Brief
Each line of the entries below that includes "spawania" belongs in your answer.

────────────────────

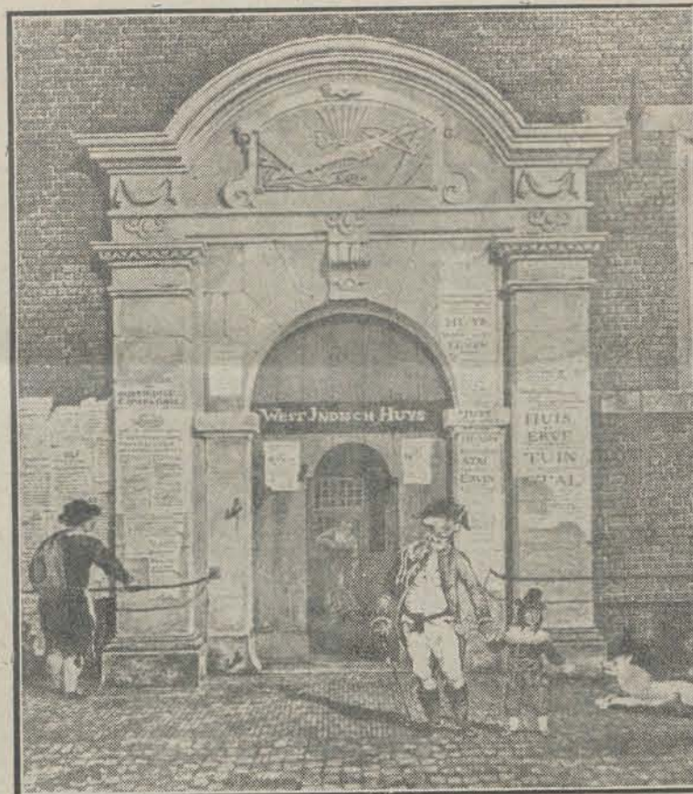
Poort van het West-Indische Huis. (Voormalige Voetboogsdoelen, Singel) Zetel der W.-I.-Compagnie No 1674

De ontzaglijke krachtsontwikkeling van de W.-I.-Comp. waarnaar duizenden in den lande reikhalzend hadden uitgezien, moge wel blijken uit het feit, dat van 1622 tot 1636 niet minder dan 547 schepen, groot en klein ter waarde van f 6.710.000 op den vijand veroverd werden, terwijl de ladingen der schepen, zoomede de in Brazilië gemaakte buit bij verkoop in Nederland ruim 30 miljoen gulden oprachten. In genoemde jaren werden daartoe dan ook ruim 800 vaartuigen met 67.000 matrozen en soldaten bemand, ten oorlog uitgerust en dat op een bevolking van wellicht niet meer dan 1½ miljoen
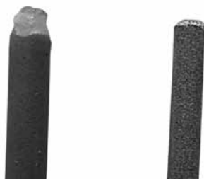
Rys. 1. Widok elektrod otulonych: a) elektroda do spawania pod wodą z powłoką wodoodporną; b) standardowa elektroda rutyłowa Fig. 1. View of coated electrodes: a) waterproofed electrode for underwater welding; b) standard rutile electrode

łatwego zajarzenia łuku i zachowaniu stabilności procesu. Na rysunku 1 pokazano rutyłowe elektrody o średnicy 4 mm do spawania pod wodą i na powietrzu.
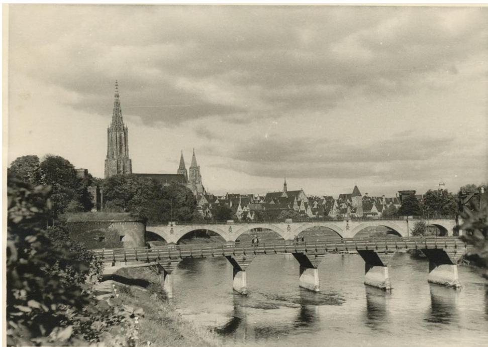
Schillerbrücke im Jahr 1943

Um die Verkehrsverhältnisse im Ulmer/Neu-Ulmer Westen über den „Langen Steg“ (=Wiblinger Straße) nach dem Vorort Wiblingen zu verbessern, wurde am 18. Dezember 1928 zwischen den beiden Städten in Verlängerung der Schillerstraße der Bau einer dritten Donaubrücke vereinbart. Auf steinernen Pfeilern ruhend, war die Brücke in Holz konstruiert.
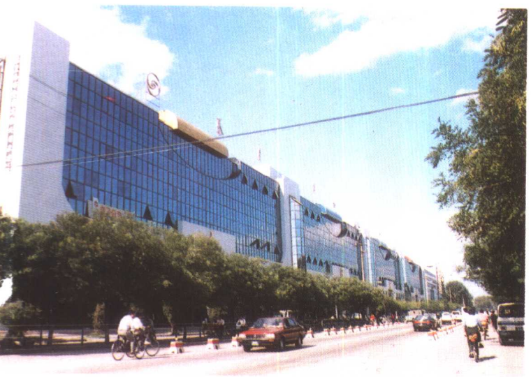
左上: 信谊大酒店 左中: 轻工大厦 左下: 渤海湾市场 右上: 物资交易中心

────────────────────

Answer to the exercise
Rys. 1. Widok elektrod otulonych: a) elektroda do spawania pod wodą z powłoką wodoodporną; b) standardowa elektroda rutyłowa Fig. 1. View of coated electrodes: a) waterproofed electrode for underwater welding; b) standard rutile electrode
łatwego zajarzenia łuku i zachowaniu stabilności procesu. Na rysunku 1 pokazano rutyłowe elektrody o średnicy 4 mm do spawania pod wodą i na powietrzu.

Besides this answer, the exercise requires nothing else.